- Sinhala: සිහින නෙළුම් මල්
- Directed by: Shameera Rangana Naotunna
- Written by: Shameera Rangana Naotunna
- Produced by: Waruna Arambage
- Starring: Hemal Ranasinghe Dusheni Miyurangi Umali Thilakarathne
- Cinematography: Vishwajith Karunaratne
- Edited by: Ravindra Guruge
- Music by: Milinda Thennakoon
- Production company: Cinelli Media
- Release date: 23 August 2024;
- Country: Sri Lanka
- Language: Sinhala

= Sihina Nelum Mal =

2024 Sri Lankan romantic drama film directed by Shameera Rangana Naotunna

Sihina Nelum Mal (සිහින නෙළුම් මල්) is a 2024 Sri Lankan Sinhala-language romantic drama film written and directed by Shameera Rangana Naotunna and produced by Waruna Arambage from Cinelli Media. The film stars Hemal Ranasinghe, Dusheni Miyurangi and Umali Thilakarathne in the pivotal roles. The film has its theatrical release across various theatres in Sri Lanka on 23 August 2024. The film title Sihina Nelum Mal was inspired and taken from yesteryear veteran lyricist Ajantha Ranasinghe's song which was also composed with the same title of the name.

== Synopsis ==
The film is based on the life trajectory of a happily married young couple named Sahan and Nayomi, who live in an apartment. However, things take a backseat for them when they face growing societal pressure without bearing a child despite being in marriage for more than six years.

== Cast ==
- Hemal Ranasinghe as Sahan
- Dusheni Silva as Nayomi
- Umali Thilakarathne as Kumari
- Sriyani Amarasena as Sahan's mother
- Veena Jayakody as Sahan's aunt
- Priyantha Seneviratne as Saman
- Lal Kularatne as Lal
- Kalana Gunasekara as Alvis
- Mayura Kanchana as Asanka
- Dayadeva Edirisinghe as Sahan's father

==Production==
This is the second cinema direction by Shameera Rangana Naotunna, who previously made the critically acclaimed award winning 2016 film Motor Bicycle. Vishwajith Karunaratne is the cinematographer and Ravindra Guruge is the editor. Art direction done by Dhammika Hevaduwatta, makeup by Buwaneka Ranawaka, whereas sound administration by Aruna Priyantha Kaluarachchi and Madhavi Dasanayake with the costumes. Ronith Adhikari is the main production manager.
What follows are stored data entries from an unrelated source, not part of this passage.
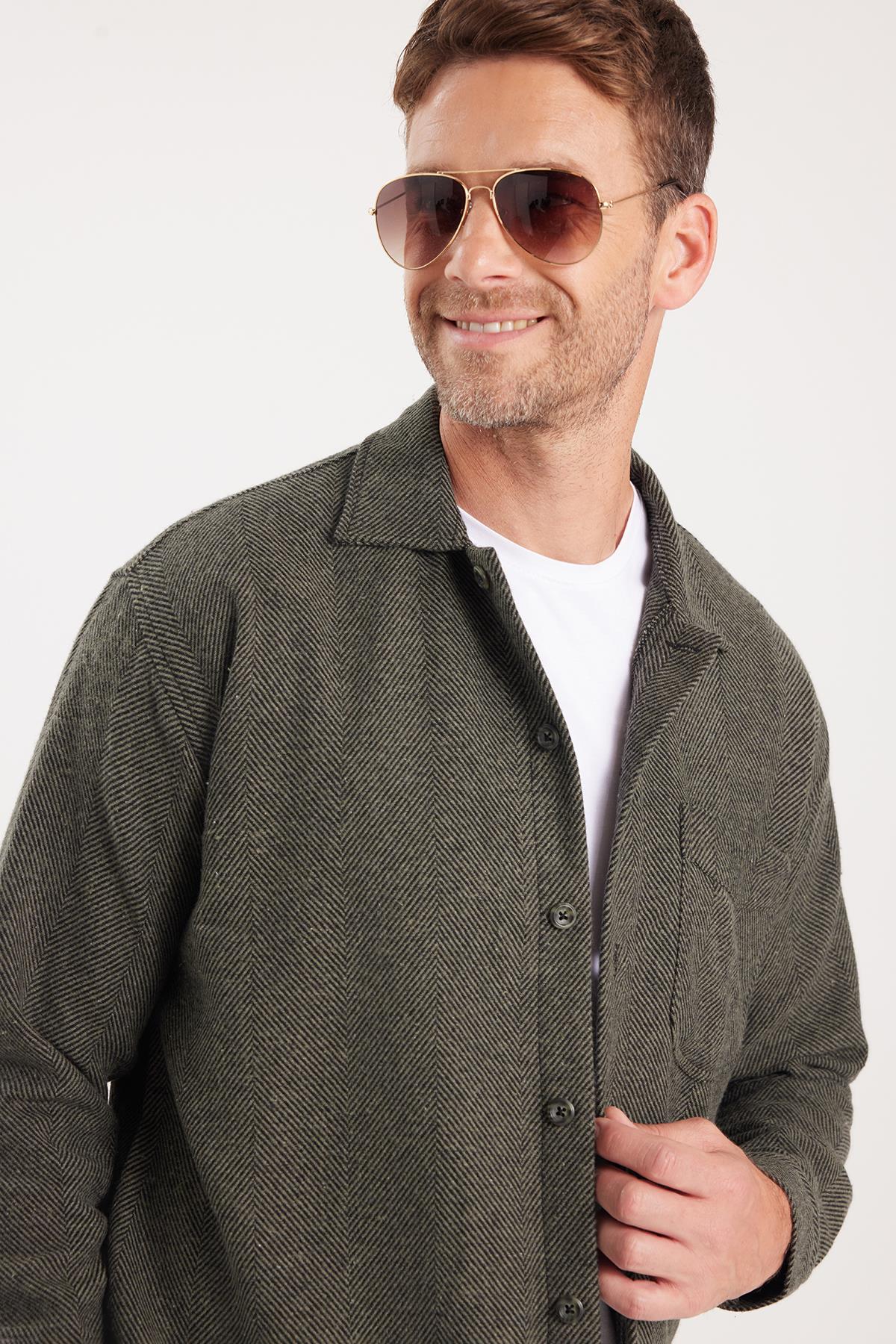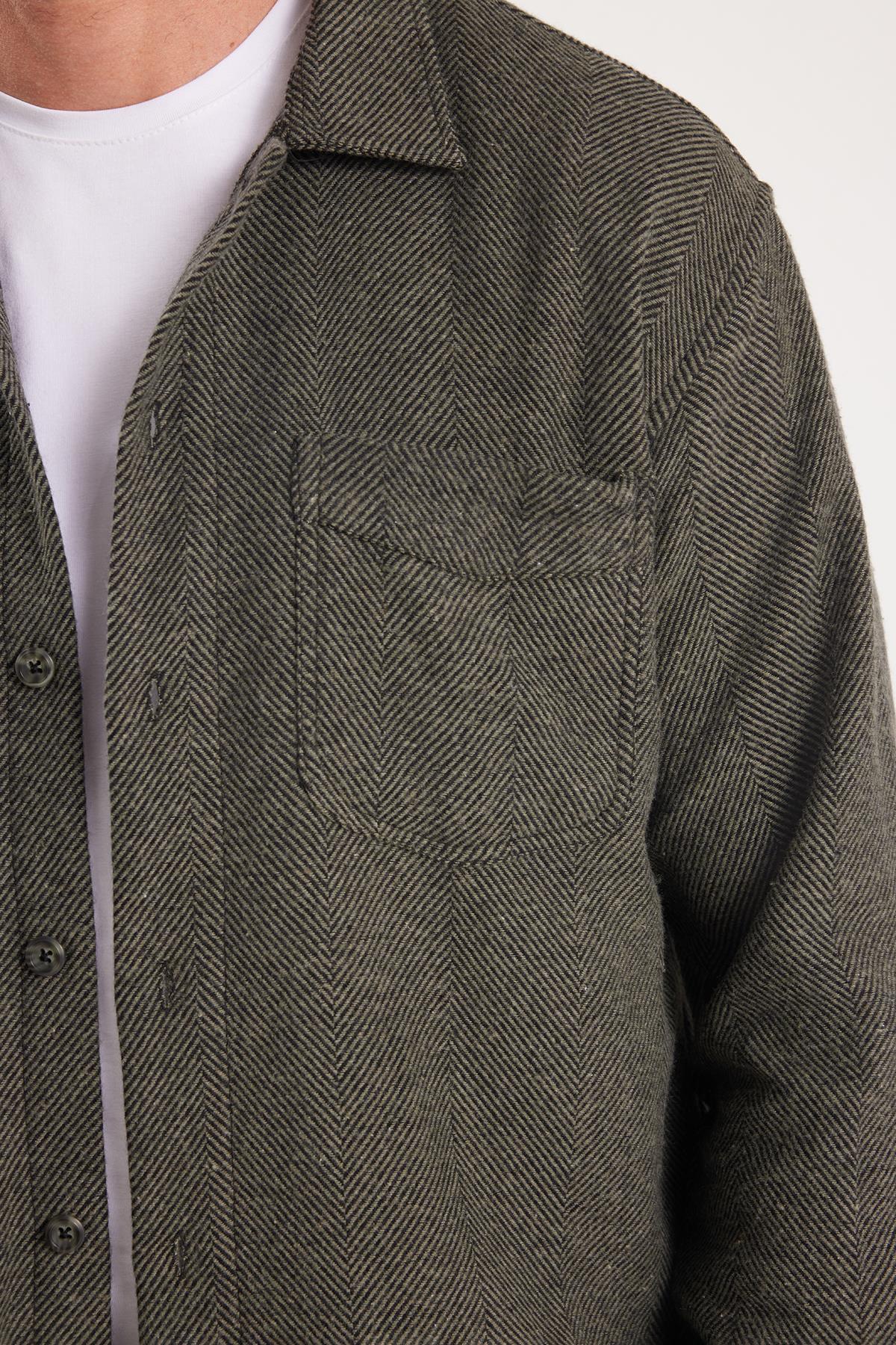 Erkek Relax Fit Rahat Kesim Oduncu Tek Cepli Kapaklı Armürlü Haki Apaş Yaka Kışlık Gömlek
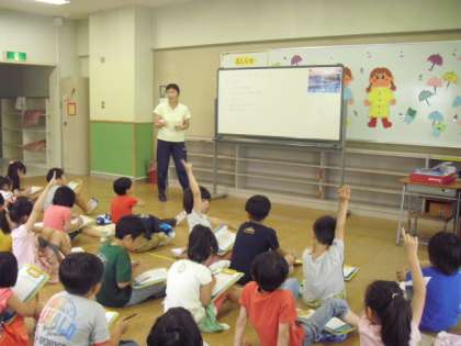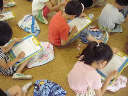 まずは、プールで地震が起こった場合にはどのような危険が発生するか、どのように行動したらよいかについて話し合いました。日頃の避難訓練等の積み上げから、多くの意見が子どもたちから出されました。
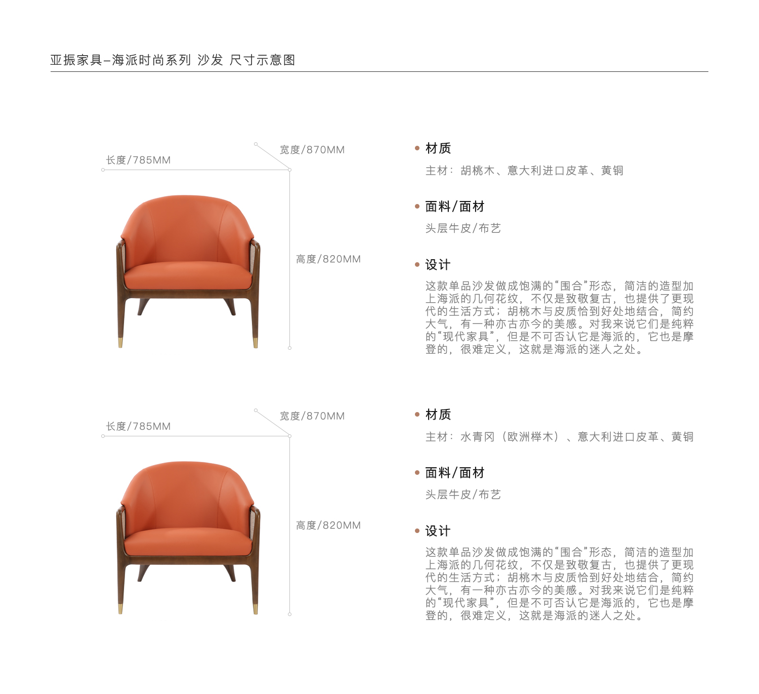 这款单品沙发做成饱满的“围合”形态,简洁的造型加上海派的几何花纹,不仅是致敬复古,也提供了更现代的生活方式;胡桃木与皮质恰到好处地结合,简约大气,有一种亦古亦今的美感。对我来说它们是纯粹的“现代火狐官方网站”,但是不可否认它是海派的,它也是摩登的,很难定义,这就是海派的迷人之处。
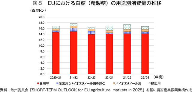 EUの砂糖消費は、砂糖と健康に関する議論の高まりにより、消費者が批判的な意見や印象を抱きやすい状況にあることなどから、特に食用を中心に減少傾向にある(図8)。一方、アフリカや東南アジアなど一部地域では、今後も砂糖の消費拡大が続くと見込んでいる。
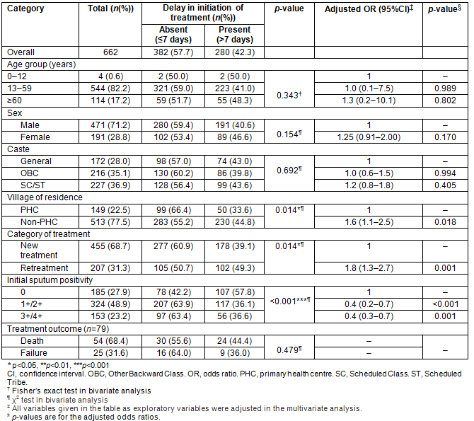 Statistical analysis was done using Stata v13.0 (StataCorp; http://www.stata.com). Descriptive analysis was conducted to examine the demographic and clinical characteristics of the patients and presented as a proportion (95% confidence interval (CI)) and mean (±2 standard deviations (SD)) wherever applicable. Treatment outcome was dichotomised into favourable (cure or treatment completed) and unfavourable (default from treatment or failure) treatment outcome. Initial sputum smear results were categorised as negative, low positive ('1+' and '2+') and high positive ('3+' and '4+'). Bivariate and multivariate logistic regression was performed to identify independent predictors of delay in initiation of treatment (>7 days), with age, sex, caste, village of residence, treatment category and initial sputum smear positivity taken as explanatory variables. Multivariate analysis was done to study the effect of delay in initiation of treatment on treatment outcome, unadjusted as well as adjusted for all other explanatory variables. Results were reported as odds ratios (OR) with 95%CI. p<0.05 was considered statistically significant.
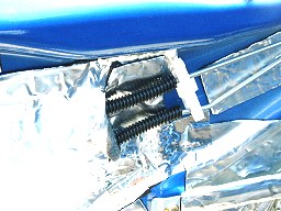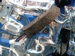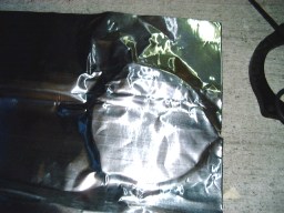 | ↑パネルの内側がひと通り貼れたら、今度はパネルの表面だ。(写真・左) 貼る前に、貼る部分に押し当てて、形取ってから切り抜くと、キレイに貼る事ができるぞ!(写真・右) パネル用は、銀色のシートだ。 ちゃんと貼る場所に合わせてシートの質を変えて2種類入っているのが泣かせるねぇ!(笑) |
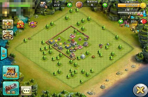 在自己的部落里,玩家可以建造自己的兵营、炮塔、营地等。经过不断的升级加固后,这就是玩家对外攻击的资本。而修建这些需要资源,这些资源从哪里来呢?有两种方法,一种就是增加自己建设,一种就是派自己的部队去掠夺别人的资源。游戏抓住了人类的一种心理,掠夺的喜悦、快感,被侵犯的愤怒和心理落差。让玩家从始至终都能获得发自内心的快乐。
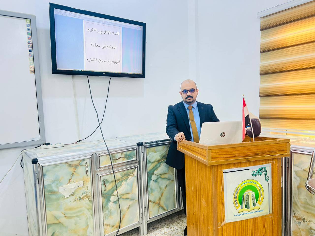 اقامت كلية الطب البيطري جامعة واسط ندوة بعنوان مكافحة الفساد الاداري والطرق الممكنة في معالجة اسبابه والحد من انتشاره قدمها السيد ( بارق مالك كاظم ) بحضور عدد من تدريسي وموظفي وطلبة الكلية .
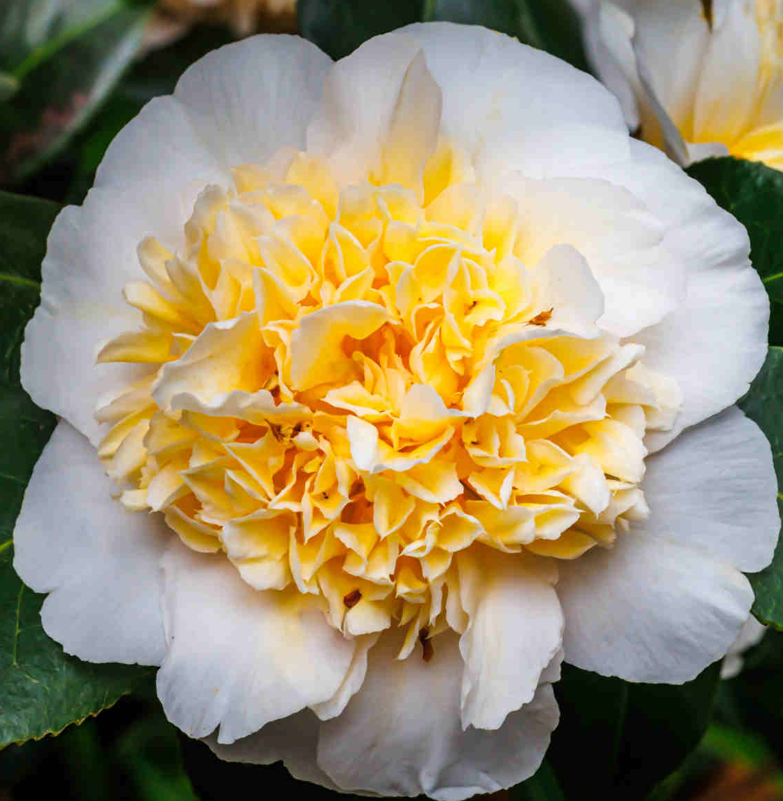 Kamélie japonská 'Brushfield's Yellow' je naprosto unikátní a vyhledávaný kultivar. Je proslulá svými dvoubarevnými květy, které vnášejí do zahrad a zimních zahrad nádech exotiky. Střed květu je hustě vyplněn krémově žlutými okvětními lístky, které jsou obklopeny prstencem čistě bílých větších lístků. Rostlina je dodávána v kontejneru o objemu 5 litrů při výšce 60–80 cm.
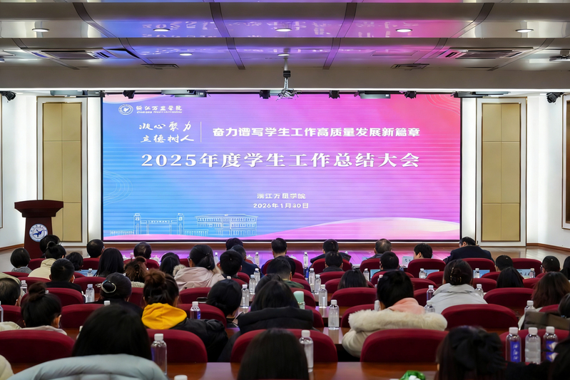 1月30日下午,浙江万里学院学院2025年学生工作总结大会在钱湖校区图书馆报告厅召开。校党委副书记朱邦相出席大会并讲话,党委宣传部、学生工作部、研究生工作部、安全保卫部等部门负责人,各二级学院学生工作负责人及全体辅导员齐聚一堂,总结过往成效,谋划未来发展。

The film consists with three songs: Oba Mage by Mihindu Ariyaratne with Sashika Nisansala; Maa Hade Ron Pibidunu by Anushka Kulatunga and Rosa Kusuma by Amila Perera.

==Release==
The Muhurath ceremony was held in April 2023 at the Cinnamon Grand Colombo. However, the film was officially released on 23 August 2024 in 60 cinemas throughout the country. The film successfully passed 50 days, and 100 days in cinemas.